■ Your instructions
Everything from the first line below through the line with "Similar Design Products" is to be transcribed exactly, and nothing past it.

■ Information given

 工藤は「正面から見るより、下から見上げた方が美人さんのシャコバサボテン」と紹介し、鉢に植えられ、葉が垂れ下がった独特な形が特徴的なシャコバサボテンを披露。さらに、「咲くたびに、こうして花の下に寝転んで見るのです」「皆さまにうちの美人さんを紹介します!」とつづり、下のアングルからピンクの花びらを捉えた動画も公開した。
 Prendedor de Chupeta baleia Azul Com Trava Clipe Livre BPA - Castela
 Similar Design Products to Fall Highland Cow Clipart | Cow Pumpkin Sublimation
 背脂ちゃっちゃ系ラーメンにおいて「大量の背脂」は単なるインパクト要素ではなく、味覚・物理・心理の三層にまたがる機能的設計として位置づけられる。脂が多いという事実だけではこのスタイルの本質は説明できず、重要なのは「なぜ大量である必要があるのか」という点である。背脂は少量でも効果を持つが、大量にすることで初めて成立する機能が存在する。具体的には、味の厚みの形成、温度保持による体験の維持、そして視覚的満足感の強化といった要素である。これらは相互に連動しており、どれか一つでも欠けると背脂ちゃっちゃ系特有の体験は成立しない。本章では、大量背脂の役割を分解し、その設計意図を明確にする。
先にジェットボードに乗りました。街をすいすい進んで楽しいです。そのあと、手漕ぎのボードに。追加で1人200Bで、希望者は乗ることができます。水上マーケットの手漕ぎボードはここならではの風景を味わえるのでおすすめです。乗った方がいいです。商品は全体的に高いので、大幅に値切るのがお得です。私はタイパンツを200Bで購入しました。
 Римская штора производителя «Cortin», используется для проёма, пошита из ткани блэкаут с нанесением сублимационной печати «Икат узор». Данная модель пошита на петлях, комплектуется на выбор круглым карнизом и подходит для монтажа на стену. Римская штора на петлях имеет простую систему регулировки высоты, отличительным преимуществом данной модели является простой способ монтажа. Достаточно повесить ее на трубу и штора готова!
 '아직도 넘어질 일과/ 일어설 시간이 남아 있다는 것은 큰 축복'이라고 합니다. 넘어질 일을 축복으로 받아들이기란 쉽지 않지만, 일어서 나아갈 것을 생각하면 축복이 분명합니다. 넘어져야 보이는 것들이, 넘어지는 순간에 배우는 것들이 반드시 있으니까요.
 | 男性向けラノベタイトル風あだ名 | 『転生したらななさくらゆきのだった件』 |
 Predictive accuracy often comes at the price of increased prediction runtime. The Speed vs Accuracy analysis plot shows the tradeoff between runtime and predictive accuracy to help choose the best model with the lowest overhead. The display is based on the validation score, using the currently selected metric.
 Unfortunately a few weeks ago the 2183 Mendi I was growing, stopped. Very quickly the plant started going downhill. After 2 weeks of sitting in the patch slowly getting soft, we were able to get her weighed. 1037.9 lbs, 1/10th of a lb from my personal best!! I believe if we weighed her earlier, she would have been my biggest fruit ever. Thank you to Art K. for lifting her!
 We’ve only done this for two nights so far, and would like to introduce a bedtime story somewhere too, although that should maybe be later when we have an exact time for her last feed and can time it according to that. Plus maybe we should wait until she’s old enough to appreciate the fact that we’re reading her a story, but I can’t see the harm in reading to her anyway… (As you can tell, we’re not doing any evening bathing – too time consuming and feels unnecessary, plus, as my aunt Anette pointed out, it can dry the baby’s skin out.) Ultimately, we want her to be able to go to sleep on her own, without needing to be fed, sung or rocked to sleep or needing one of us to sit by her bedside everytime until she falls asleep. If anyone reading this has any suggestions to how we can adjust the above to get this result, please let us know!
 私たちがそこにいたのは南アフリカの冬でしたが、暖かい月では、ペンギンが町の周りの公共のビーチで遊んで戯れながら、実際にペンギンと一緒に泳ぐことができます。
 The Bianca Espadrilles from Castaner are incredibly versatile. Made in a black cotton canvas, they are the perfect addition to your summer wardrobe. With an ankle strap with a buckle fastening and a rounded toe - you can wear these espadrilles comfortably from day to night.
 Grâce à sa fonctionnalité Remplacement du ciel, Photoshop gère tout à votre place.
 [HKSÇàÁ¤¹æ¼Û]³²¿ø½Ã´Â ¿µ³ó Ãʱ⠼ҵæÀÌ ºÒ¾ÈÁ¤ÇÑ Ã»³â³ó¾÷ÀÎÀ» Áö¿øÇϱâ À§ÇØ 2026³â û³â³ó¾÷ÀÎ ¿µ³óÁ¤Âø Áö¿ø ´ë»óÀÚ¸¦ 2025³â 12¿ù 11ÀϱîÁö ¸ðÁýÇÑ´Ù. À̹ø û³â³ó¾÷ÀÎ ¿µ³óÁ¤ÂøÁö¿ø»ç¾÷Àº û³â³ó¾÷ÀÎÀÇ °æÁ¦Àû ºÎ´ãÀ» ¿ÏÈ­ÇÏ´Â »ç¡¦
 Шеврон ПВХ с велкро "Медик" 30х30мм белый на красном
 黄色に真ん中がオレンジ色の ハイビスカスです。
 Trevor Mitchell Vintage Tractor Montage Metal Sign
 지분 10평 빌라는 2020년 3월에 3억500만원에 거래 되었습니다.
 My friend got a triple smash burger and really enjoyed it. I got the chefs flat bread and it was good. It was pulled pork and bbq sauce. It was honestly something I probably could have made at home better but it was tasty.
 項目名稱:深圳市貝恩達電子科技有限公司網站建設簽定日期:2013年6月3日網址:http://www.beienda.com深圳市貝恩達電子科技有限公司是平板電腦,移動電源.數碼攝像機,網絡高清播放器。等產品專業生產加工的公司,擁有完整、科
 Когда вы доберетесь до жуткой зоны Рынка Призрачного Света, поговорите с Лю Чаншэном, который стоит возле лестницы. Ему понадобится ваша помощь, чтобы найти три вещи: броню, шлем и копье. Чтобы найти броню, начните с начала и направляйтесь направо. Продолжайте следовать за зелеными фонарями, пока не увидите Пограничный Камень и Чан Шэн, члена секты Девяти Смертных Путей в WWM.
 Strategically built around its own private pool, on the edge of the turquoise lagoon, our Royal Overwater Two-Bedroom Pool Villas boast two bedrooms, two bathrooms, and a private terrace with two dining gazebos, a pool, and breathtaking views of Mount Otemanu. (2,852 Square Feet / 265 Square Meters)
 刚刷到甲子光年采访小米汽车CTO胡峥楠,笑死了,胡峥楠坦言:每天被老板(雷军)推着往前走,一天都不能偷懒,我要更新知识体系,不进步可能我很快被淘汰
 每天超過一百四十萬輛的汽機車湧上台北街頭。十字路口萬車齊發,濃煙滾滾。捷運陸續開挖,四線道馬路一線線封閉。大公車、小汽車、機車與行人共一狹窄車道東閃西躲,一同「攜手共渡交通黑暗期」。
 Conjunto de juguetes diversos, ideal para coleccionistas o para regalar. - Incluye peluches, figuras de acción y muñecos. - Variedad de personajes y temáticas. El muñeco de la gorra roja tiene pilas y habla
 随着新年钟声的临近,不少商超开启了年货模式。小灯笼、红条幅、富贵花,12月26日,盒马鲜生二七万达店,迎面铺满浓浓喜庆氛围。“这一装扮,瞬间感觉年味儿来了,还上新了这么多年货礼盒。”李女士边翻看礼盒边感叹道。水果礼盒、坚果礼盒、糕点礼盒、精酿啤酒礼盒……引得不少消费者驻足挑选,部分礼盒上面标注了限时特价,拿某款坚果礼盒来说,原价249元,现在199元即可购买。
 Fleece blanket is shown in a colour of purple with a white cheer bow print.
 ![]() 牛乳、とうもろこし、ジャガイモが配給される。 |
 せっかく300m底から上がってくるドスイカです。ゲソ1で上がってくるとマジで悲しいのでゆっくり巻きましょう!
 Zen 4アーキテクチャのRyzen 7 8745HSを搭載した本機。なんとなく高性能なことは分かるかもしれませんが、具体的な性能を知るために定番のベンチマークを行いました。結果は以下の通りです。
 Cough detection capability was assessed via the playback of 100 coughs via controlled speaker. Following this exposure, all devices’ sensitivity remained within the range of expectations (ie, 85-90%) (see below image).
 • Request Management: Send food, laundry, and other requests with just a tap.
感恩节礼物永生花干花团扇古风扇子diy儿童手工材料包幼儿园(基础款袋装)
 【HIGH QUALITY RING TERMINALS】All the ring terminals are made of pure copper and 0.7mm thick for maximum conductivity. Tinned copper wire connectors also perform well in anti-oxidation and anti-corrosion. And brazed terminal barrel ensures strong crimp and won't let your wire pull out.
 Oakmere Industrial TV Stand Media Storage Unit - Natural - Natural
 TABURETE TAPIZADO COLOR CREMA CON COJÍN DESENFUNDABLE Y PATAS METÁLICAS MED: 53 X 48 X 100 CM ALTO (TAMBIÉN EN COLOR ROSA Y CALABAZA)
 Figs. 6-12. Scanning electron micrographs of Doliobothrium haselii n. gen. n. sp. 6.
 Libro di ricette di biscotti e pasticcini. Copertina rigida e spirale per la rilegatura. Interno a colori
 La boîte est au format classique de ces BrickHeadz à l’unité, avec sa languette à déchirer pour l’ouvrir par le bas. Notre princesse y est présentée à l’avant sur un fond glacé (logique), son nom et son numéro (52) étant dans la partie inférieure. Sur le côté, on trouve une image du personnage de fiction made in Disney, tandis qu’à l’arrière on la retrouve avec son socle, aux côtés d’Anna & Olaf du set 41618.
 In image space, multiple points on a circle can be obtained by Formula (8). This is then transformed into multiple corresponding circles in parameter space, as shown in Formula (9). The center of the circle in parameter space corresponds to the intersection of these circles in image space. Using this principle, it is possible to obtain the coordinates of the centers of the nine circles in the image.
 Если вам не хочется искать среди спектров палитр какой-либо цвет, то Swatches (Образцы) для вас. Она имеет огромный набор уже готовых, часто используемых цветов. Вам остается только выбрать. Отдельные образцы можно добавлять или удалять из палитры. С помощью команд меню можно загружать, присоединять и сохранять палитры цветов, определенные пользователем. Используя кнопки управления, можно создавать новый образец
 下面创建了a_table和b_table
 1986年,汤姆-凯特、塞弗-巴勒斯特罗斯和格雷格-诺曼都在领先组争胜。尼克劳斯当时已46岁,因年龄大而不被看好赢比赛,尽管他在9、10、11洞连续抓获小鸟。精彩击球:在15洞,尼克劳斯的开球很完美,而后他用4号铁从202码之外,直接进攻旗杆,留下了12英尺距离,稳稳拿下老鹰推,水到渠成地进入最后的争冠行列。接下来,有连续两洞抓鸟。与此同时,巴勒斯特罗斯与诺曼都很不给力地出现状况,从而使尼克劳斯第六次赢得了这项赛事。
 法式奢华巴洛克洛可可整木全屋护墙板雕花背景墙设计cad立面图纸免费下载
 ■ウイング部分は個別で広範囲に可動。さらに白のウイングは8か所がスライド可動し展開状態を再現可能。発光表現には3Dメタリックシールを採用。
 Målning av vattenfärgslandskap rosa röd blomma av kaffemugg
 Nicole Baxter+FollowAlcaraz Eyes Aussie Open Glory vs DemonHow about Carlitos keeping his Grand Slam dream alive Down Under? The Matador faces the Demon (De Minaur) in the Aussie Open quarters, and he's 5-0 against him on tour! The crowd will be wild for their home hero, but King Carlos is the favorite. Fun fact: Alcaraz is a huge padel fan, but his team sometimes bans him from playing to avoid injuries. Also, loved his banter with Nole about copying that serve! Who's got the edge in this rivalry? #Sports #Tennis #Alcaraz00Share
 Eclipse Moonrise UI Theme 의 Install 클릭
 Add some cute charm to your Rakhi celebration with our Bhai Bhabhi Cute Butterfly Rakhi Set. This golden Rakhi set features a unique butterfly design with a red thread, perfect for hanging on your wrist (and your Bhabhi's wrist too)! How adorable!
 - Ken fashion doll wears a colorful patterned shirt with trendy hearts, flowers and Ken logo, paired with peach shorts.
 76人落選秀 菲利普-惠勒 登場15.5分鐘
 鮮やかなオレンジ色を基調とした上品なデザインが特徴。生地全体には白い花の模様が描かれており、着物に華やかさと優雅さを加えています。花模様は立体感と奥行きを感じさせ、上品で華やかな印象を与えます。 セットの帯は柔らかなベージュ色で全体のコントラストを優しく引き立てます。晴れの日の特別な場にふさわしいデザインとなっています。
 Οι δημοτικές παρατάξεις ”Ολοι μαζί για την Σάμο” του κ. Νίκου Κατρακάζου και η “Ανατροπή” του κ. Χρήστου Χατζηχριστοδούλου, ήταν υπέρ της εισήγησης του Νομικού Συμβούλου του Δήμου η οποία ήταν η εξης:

■ Response to the task
 工藤は「正面から見るより、下から見上げた方が美人さんのシャコバサボテン」と紹介し、鉢に植えられ、葉が垂れ下がった独特な形が特徴的なシャコバサボテンを披露。さらに、「咲くたびに、こうして花の下に寝転んで見るのです」「皆さまにうちの美人さんを紹介します!」とつづり、下のアングルからピンクの花びらを捉えた動画も公開した。
 Prendedor de Chupeta baleia Azul Com Trava Clipe Livre BPA - Castela
 Similar Design Products to Fall Highland Cow Clipart | Cow Pumpkin Sublimation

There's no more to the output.